• [PROVIDED ENTRIES]

◆ ◆ ◆ ◆ ◆ ◆ ◆

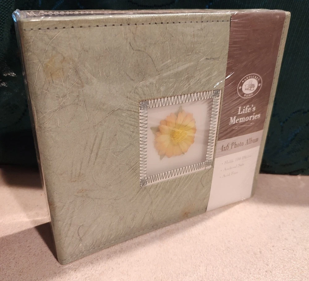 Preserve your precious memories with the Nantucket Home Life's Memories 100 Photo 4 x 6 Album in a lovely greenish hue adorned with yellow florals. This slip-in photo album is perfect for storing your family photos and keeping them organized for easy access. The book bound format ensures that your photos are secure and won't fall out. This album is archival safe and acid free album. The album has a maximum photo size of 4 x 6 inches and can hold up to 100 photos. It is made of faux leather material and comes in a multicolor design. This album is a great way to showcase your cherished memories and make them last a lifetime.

◆ ◆ ◆ ◆ ◆ ◆ ◆

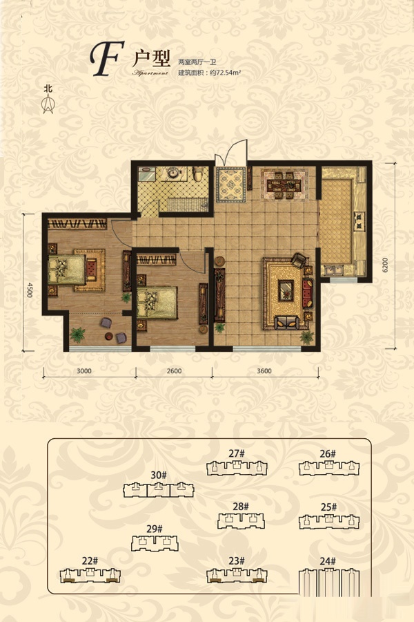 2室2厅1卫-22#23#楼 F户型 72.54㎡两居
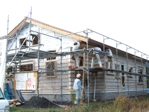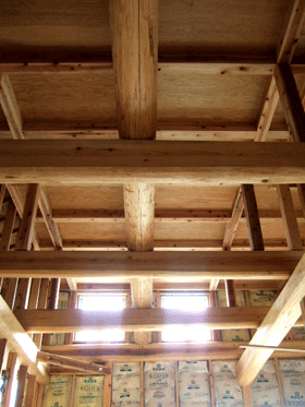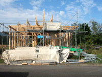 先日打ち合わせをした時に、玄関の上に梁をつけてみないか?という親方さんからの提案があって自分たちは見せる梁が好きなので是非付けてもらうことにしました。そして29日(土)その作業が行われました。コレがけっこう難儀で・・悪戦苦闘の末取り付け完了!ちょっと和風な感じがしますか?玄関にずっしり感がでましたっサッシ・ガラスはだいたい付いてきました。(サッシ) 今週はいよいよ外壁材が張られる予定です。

◆ ◆ ◆ ◆ ◆ ◆ ◆

Word for word, retype the lines in the entries above that run from the one with "2室2厅1卫-22#23#楼 F户型 72.54㎡两居" through the one with "先日打ち合わせをした時に、玄". Both ends count; pictures do not.

 2室2厅1卫-22#23#楼 F户型 72.54㎡两居
 先日打ち合わせをした時に、玄関の上に梁をつけてみないか?という親方さんからの提案があって自分たちは見せる梁が好きなので是非付けてもらうことにしました。そして29日(土)その作業が行われました。コレがけっこう難儀で・・悪戦苦闘の末取り付け完了!ちょっと和風な感じがしますか?玄関にずっしり感がでましたっサッシ・ガラスはだいたい付いてきました。(サッシ) 今週はいよいよ外壁材が張られる予定です。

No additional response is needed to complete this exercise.